* [Dataset content]:
============================================================

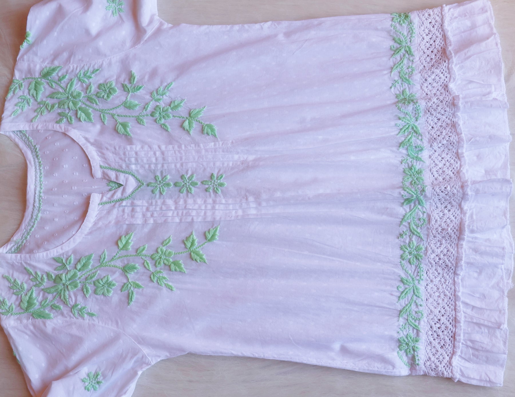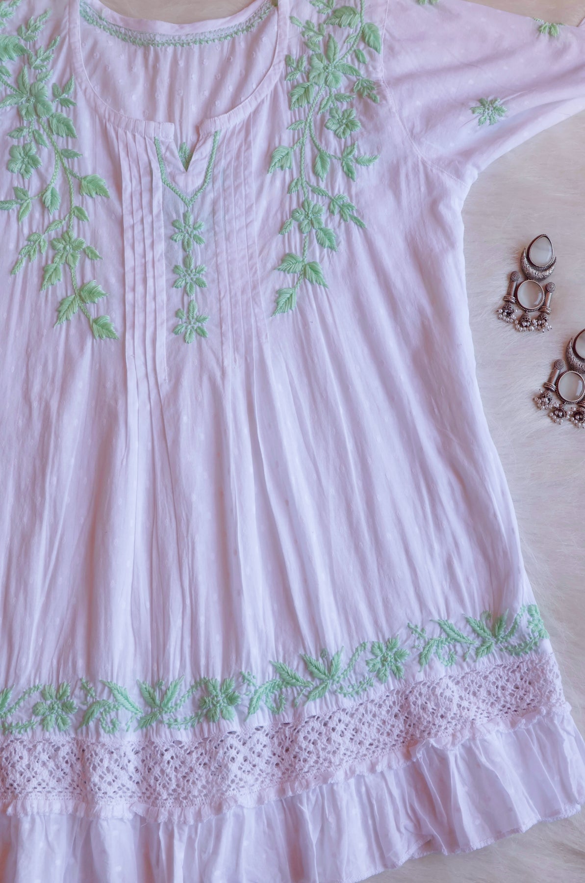 White short cotton top with chikankari handwork in Paisley and Floral pattern.
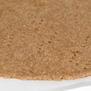 Lay a 12-inch sheet of parchment paper on the counter and dump the dough onto the parchment. Firmly press the dough together, flour the top lightly, and, using a rolling pin, roll it out into an oblong of an even 1/16-inch thickness. The shape of the dough is of little consequence but its thickness is important for even crisping. Prick the dough all over with a fork (fig. 3.1) and slide the parchment onto a baking sheet. Bake until the edges are well-browned (fig. 3.2) and the cookie is baked through, 30 to 35 minutes. Set the baking sheet on a wire rack and let cool to room temperature; leave the oven on. Once cooled, break the cookie into large pieces.
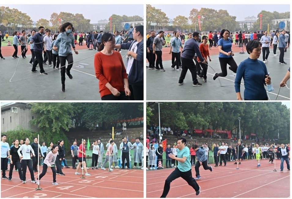 动机学院职工们参与集体项目(跳长绳接力,迎面穿梭接力)

============================================================

* [Problem details]:
Would you retype the material exactly, omitting each picture?

* [Written reply]:
 White short cotton top with chikankari handwork in Paisley and Floral pattern.
 Lay a 12-inch sheet of parchment paper on the counter and dump the dough onto the parchment. Firmly press the dough together, flour the top lightly, and, using a rolling pin, roll it out into an oblong of an even 1/16-inch thickness. The shape of the dough is of little consequence but its thickness is important for even crisping. Prick the dough all over with a fork (fig. 3.1) and slide the parchment onto a baking sheet. Bake until the edges are well-browned (fig. 3.2) and the cookie is baked through, 30 to 35 minutes. Set the baking sheet on a wire rack and let cool to room temperature; leave the oven on. Once cooled, break the cookie into large pieces.
 动机学院职工们参与集体项目(跳长绳接力,迎面穿梭接力)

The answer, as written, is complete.